Боль победила упрямство. Последние всплески силы обрушились на дверь, ему открыли, приняли, уложили прямо на пол, кажется, на какое-то одеяло. Рассудок мерк. Сознание развезло, как развозит пьяных, заходящих с холодной улицы в тепло. До тошного душно. Полудрема ласкала больной разум и тело. По жилам и коже растекался мятный бальзам. Когда глаза не столько открылись, сколько прояснились, его окружало изящество, за которым он лез сквозь боль в каждом шаге. Воронец лежал на полу, на старом паркете. Открытое настежь окно давало напиться свежестью летней ночи. Привстав, Воронец вытер кровь с губ. Свежая. Знакомый запах.

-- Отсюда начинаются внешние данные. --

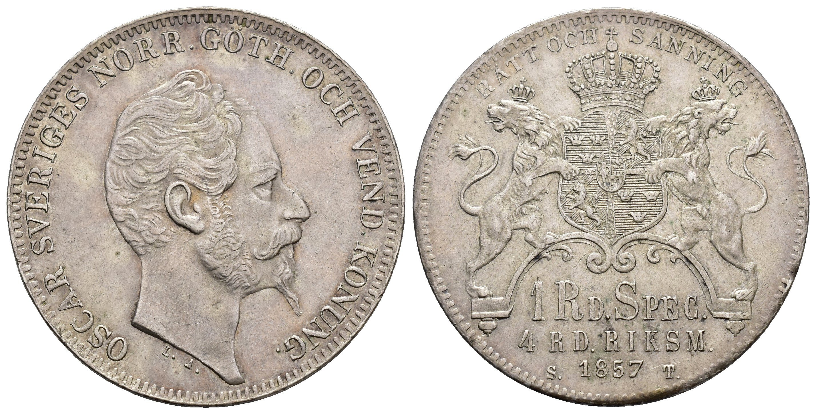 MONEDA EXTRANJERA. SUECIA. Óscar I. Riksdaler. 1857. AR 33,96 g. 38,8 mm. KM-689. EBC-.
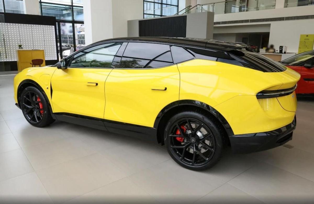 從車身側(cè)面不難看出它優(yōu)雅的超跑SUV風(fēng)格,尤其是從A柱開始便一直保持著較小夾角的車窗設(shè)計(jì),在保證駕駛視野開闊的同時(shí),通過車身外觀撞色處理,以及側(cè)裙、翼子板比例的收縮,實(shí)現(xiàn)了輪高比接近1:2的視覺效果,這讓其看起來更顯“戰(zhàn)斗”。車尾的設(shè)計(jì)符合路特斯的家族語言,一道貫穿式LED尾燈穿插在尾箱蓋和車側(cè)導(dǎo)風(fēng)槽中,營造出流動(dòng)的力量感。

– Он просил объявить помилование, – произнес Воронец, привстав на локте.
Тихие шаги обошли слева. Аня села на корточки. Вымытые тяжелые волосы спадали на белую майку и джинсы не по размеру, кое-как спасал ремень. На ногах – тяжелые грязные ботинки.
– Ты его примешь? – спросил Женя.
Аня потерла запястье. На нем расцвел новый укус. Воронец стал догонять, отчего сон был так сладок, отчего тело вновь жаждет жизни.
– Он ранен? – спросила Аня.
Воронец в растерянности промолчал. Теперь врать бесполезно.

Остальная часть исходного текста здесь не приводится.